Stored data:

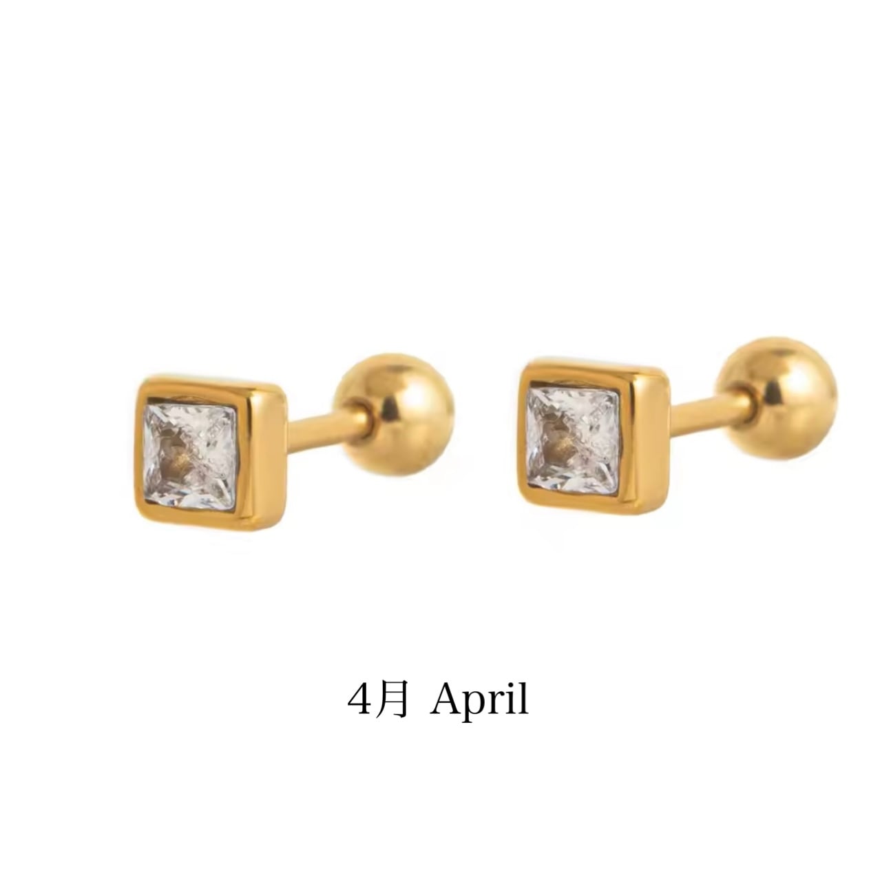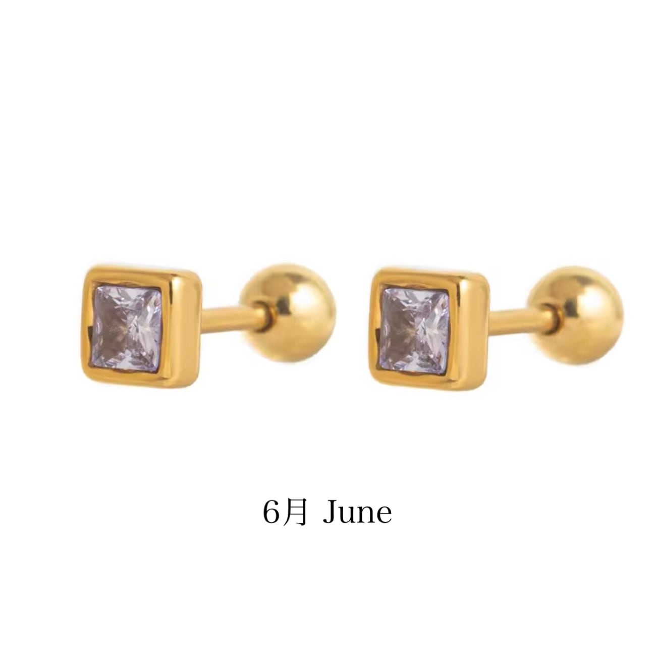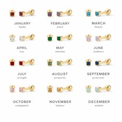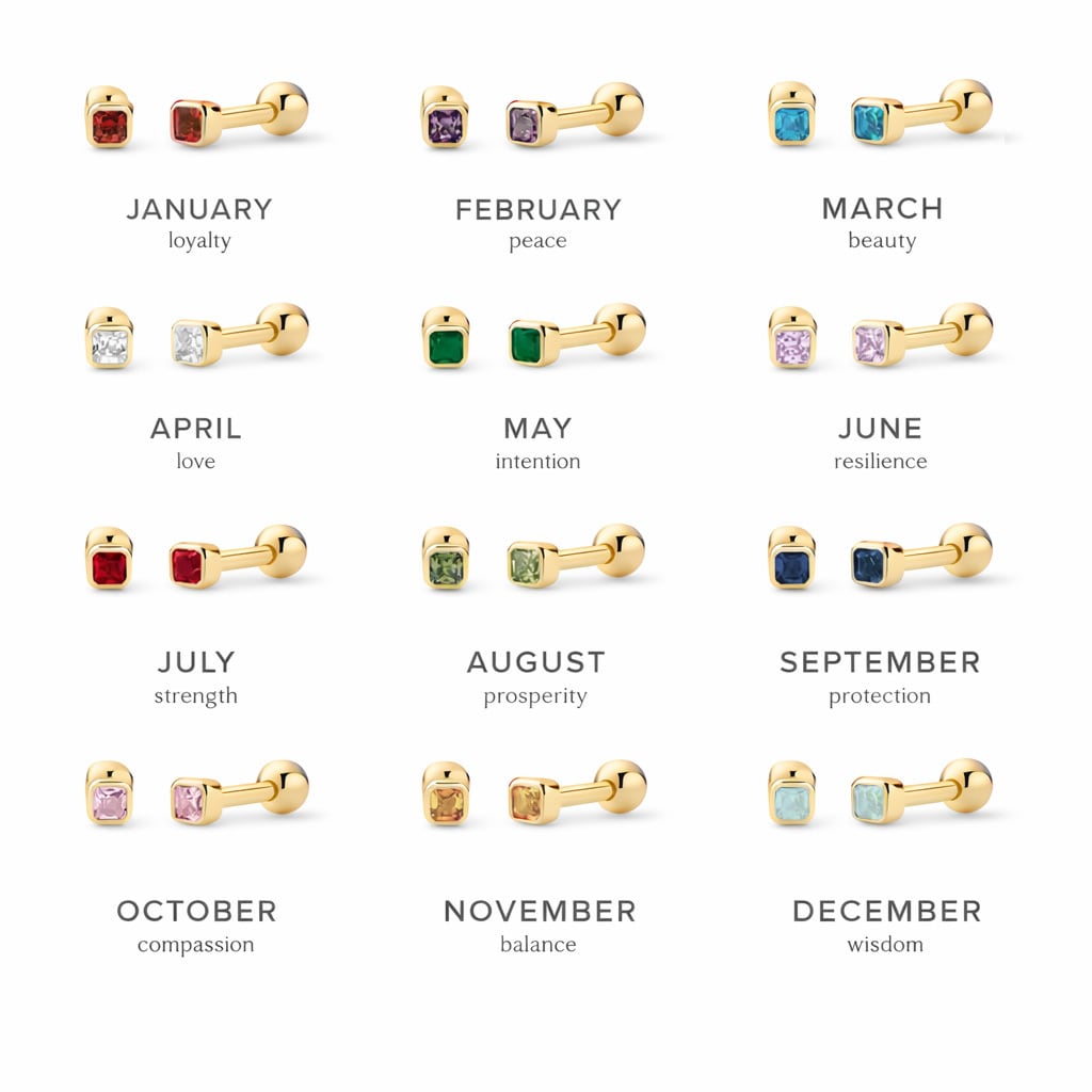 誕生石カラーを施した、小さなスクエア型が上品なボディピアスです。シンプルなフォルムに、さりげないきらめきを閉じ込めました。
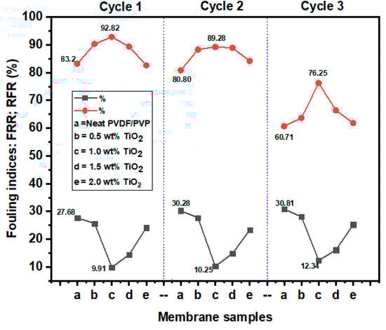 Generally, the %RFR and %FRR deteriorated along the filtration cycles. The first cycle filtration recorded higher %FRR than the second and third cycles due to fouling. The good antifouling performance of the modified membranes was due to the blending of TiO2 nanoparticles into the membrane matrix. This is because hydrophilic nanoparticles have the potential to repel hydrophobic contaminants, thereby enhancing the antifouling property of the membrane [65,66,67].
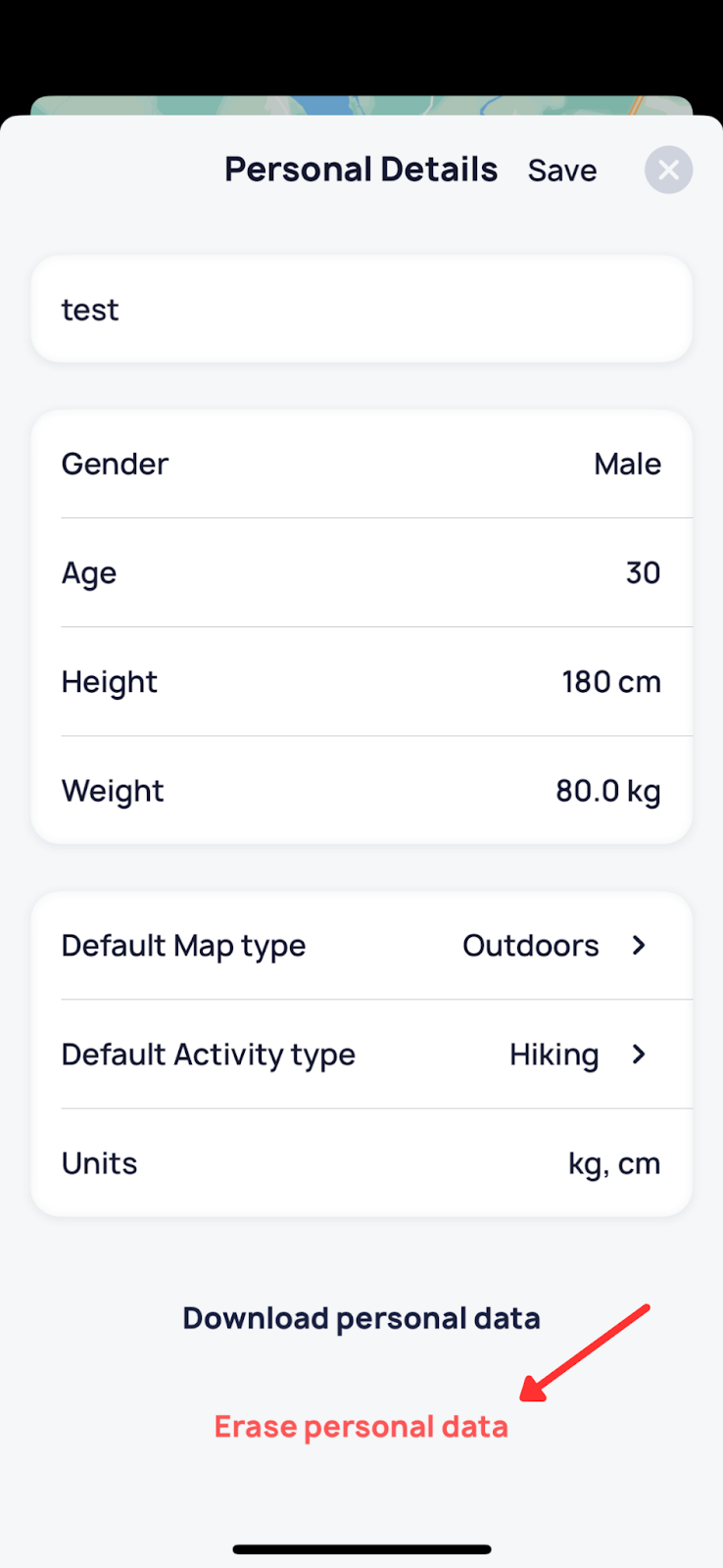 3. Select the “Erase personal data” option:
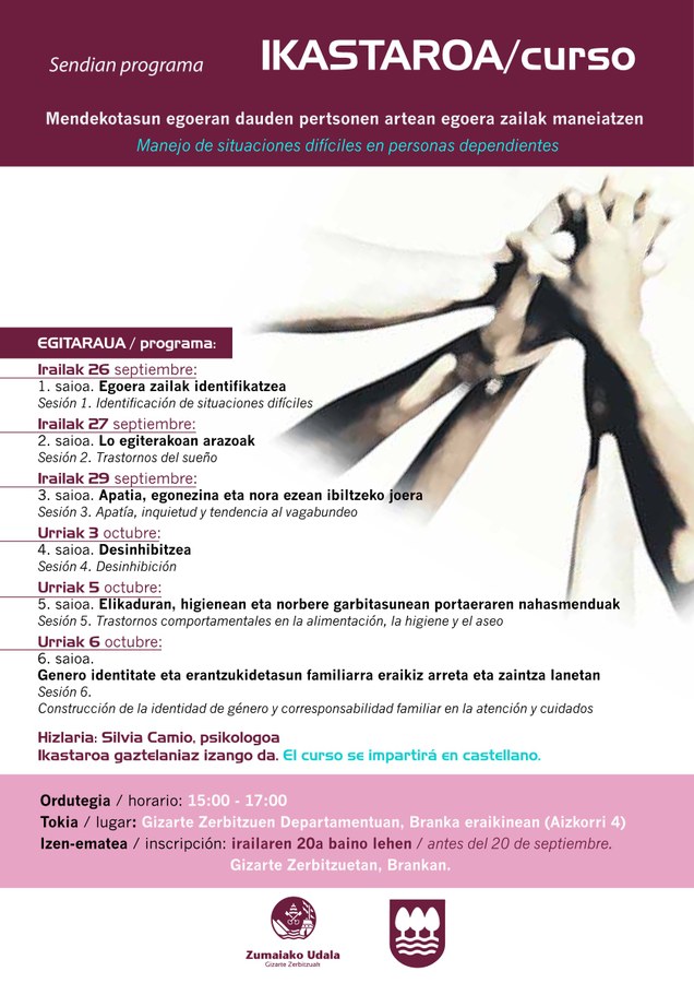 Sendian programaren baitan, Zumaiako Udalak, Foru Aldundiarekin elkarlanean, familia ingurunean mendekotasun egoeran dauden pertsonak zaintzeaz arduratzen diren senide zaintzaileei zuzendutako ikastaroak antolatu ditu iraila eta urria bitartean.
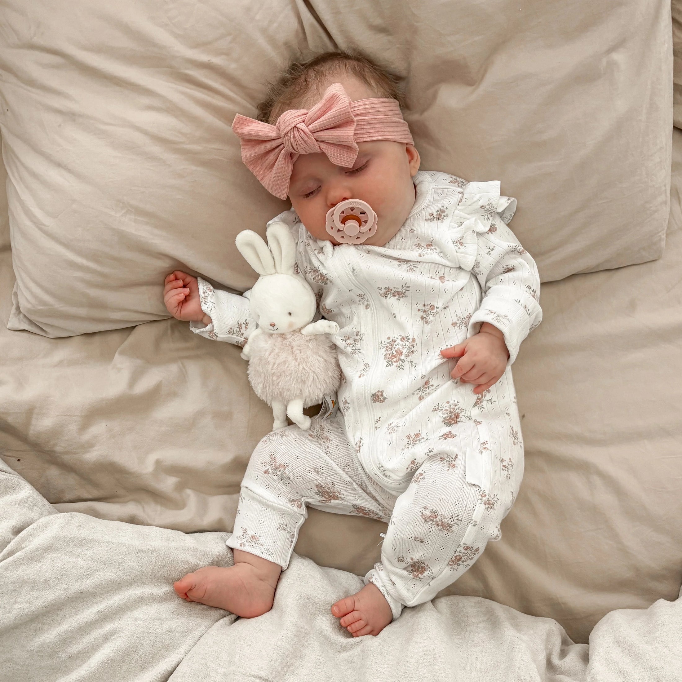 A gorgeous subtle floral print with shoulder ruffles, our zip romper will take your precious little one from garden plays to sweet dreams in style and warmth. Designed for comfort, our zip rompers feature protective backing and zip covers to ensure no snags or irritation and a 2-way YKK zipper for convenient and fuss-free changes.
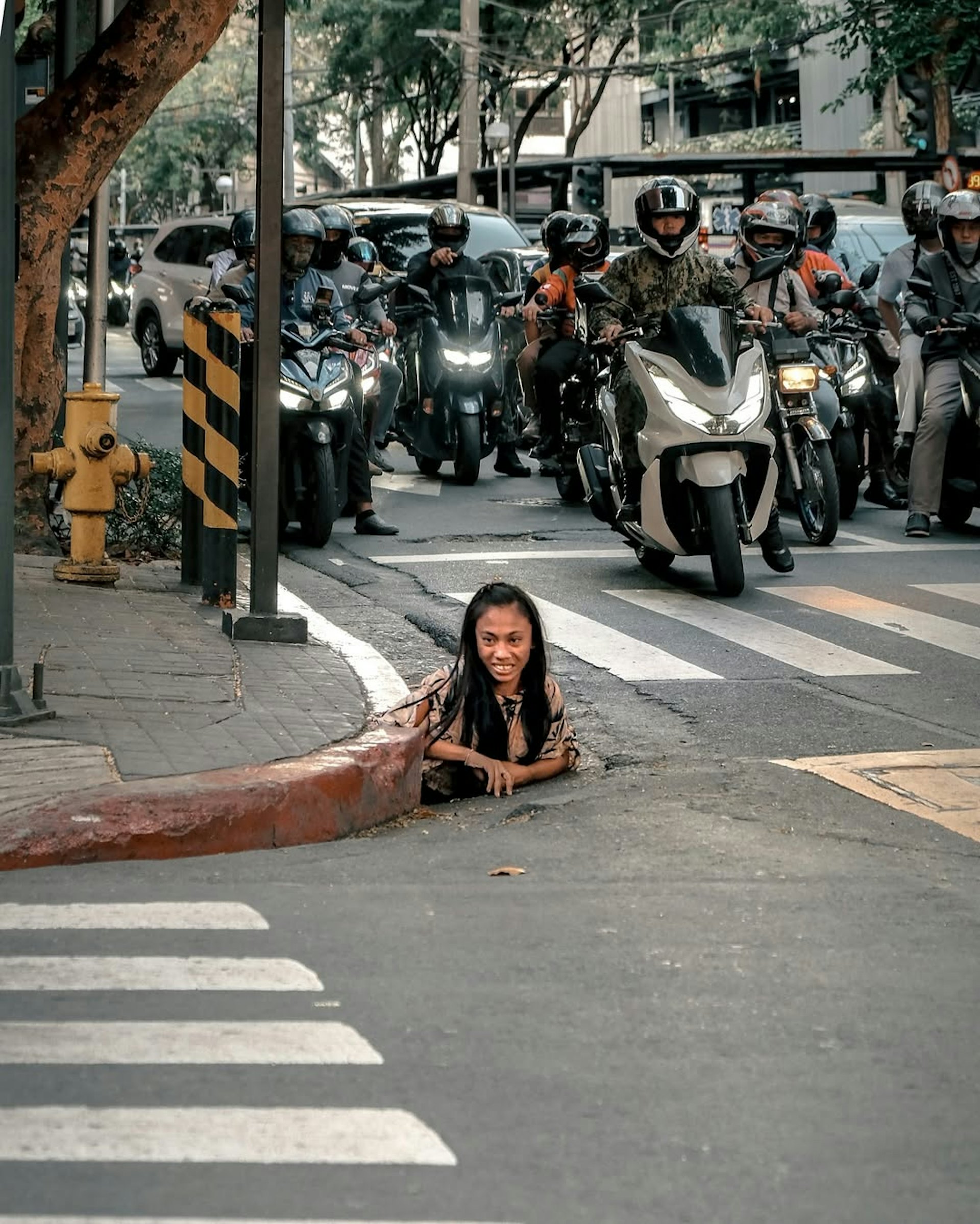 一名攝影師在菲律賓馬尼拉散步回家期間發現一名女子從下水道爬出來,這一幕簡直就像一部恐怖電影裏的場景。(Instagram@iammrthirty)
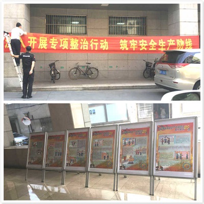 今天一早,立崗結(jié)束,保安隊(duì)長(zhǎng)王宏臣帶領(lǐng)保安一起,在煙草項(xiàng)目后院懸掛“深入開(kāi)展專題整治行動(dòng) 筑牢安全生產(chǎn)防線”的主題橫幅。并在煙草大廈辦公大廳、電瓶車車庫(kù)等張貼了安全知識(shí)及安全宣傳標(biāo)語(yǔ),讓員工在知識(shí)學(xué)習(xí)中提高安全素養(yǎng),在事故警示中強(qiáng)化安全意識(shí),進(jìn)而在實(shí)際工作中規(guī)范安全行為。
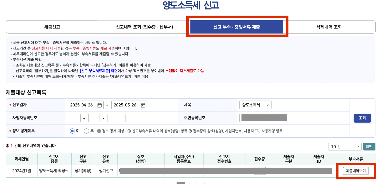 13. 양도소득세 신고 페이지로 다시 돌아가서, 신고부속 증빙서류 제출 클릭> 부속서류를 아까 한국투자증권에서 다운받은 파일을 업로드.
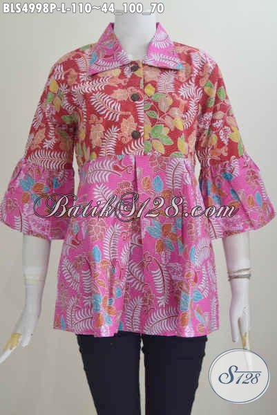 Baju Batik Blus Kerah Lancip Warna Cerah Bikin Penampilan Terlihat Fresh, Pakaian Batik Printing Dari Solo Bahan Halus Yang Nyaman Di Pakai Tiap Hari [BLS4998P-L]
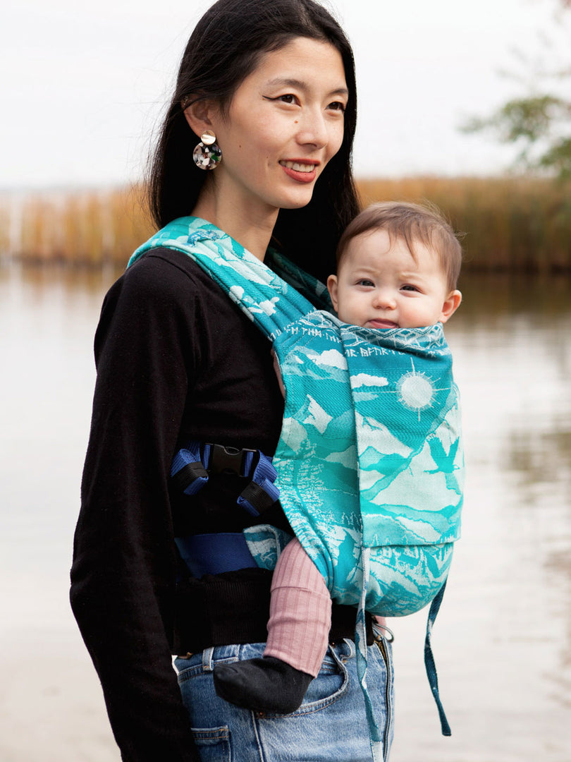 I found it easy to put on for front carries, as the wrap fabric moves and glides nicely into place around my child. The straps weren't too wide and were able to sit on the centre of my shoulders without riding up into my neck. Normally I prefer wrap straps on soft structured carriers to allow spread on my shoulders but these felt lovely and light and the grip of the wrap helped them to stay put. The padded part of the straps flared out early enough in their length so that I (a size 10-12) could spread them across my side and over baby's body. In back carries with a small toddler, the padded part of the shoulder wasn't too long; I was able to spread the fabric over the knee pits nicely. The half width straps are light and easy to manoeuvre, and the knot is quick and simple to make with no stiffness (this is partly due to the softness of the wrap used to make this tester, but all wraps will break in with use!).
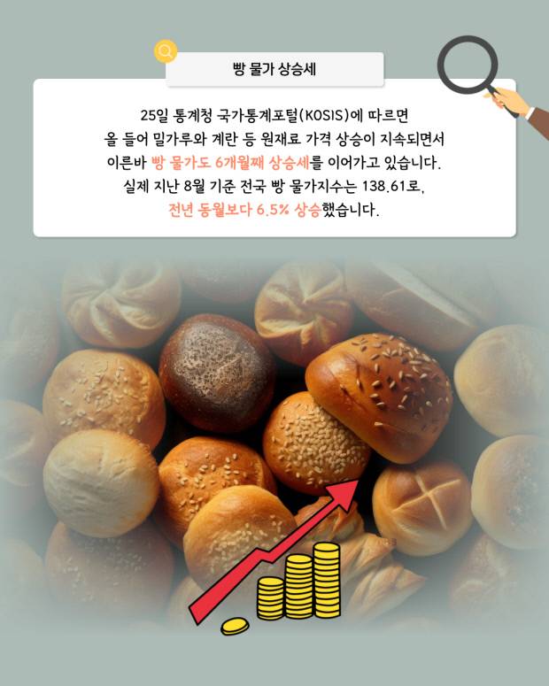 25일 통계청 국가통계포털(KOSIS)에 따르면, 올 들어 밀가루와 계란 등 원재료 가격이 지속적으로 오르면서 이른바 빵값도 6개월째 상승세를 이어가고 있습니다.

Exercise
Word for word and without pictures, please write out only the lines from the start of the entries through the line containing "一名攝影師在菲律賓馬尼拉散步", both included.

Response to the exercise
 誕生石カラーを施した、小さなスクエア型が上品なボディピアスです。シンプルなフォルムに、さりげないきらめきを閉じ込めました。
 Generally, the %RFR and %FRR deteriorated along the filtration cycles. The first cycle filtration recorded higher %FRR than the second and third cycles due to fouling. The good antifouling performance of the modified membranes was due to the blending of TiO2 nanoparticles into the membrane matrix. This is because hydrophilic nanoparticles have the potential to repel hydrophobic contaminants, thereby enhancing the antifouling property of the membrane [65,66,67].
 3. Select the “Erase personal data” option:
 Sendian programaren baitan, Zumaiako Udalak, Foru Aldundiarekin elkarlanean, familia ingurunean mendekotasun egoeran dauden pertsonak zaintzeaz arduratzen diren senide zaintzaileei zuzendutako ikastaroak antolatu ditu iraila eta urria bitartean.
 A gorgeous subtle floral print with shoulder ruffles, our zip romper will take your precious little one from garden plays to sweet dreams in style and warmth. Designed for comfort, our zip rompers feature protective backing and zip covers to ensure no snags or irritation and a 2-way YKK zipper for convenient and fuss-free changes.
 一名攝影師在菲律賓馬尼拉散步回家期間發現一名女子從下水道爬出來,這一幕簡直就像一部恐怖電影裏的場景。(Instagram@iammrthirty)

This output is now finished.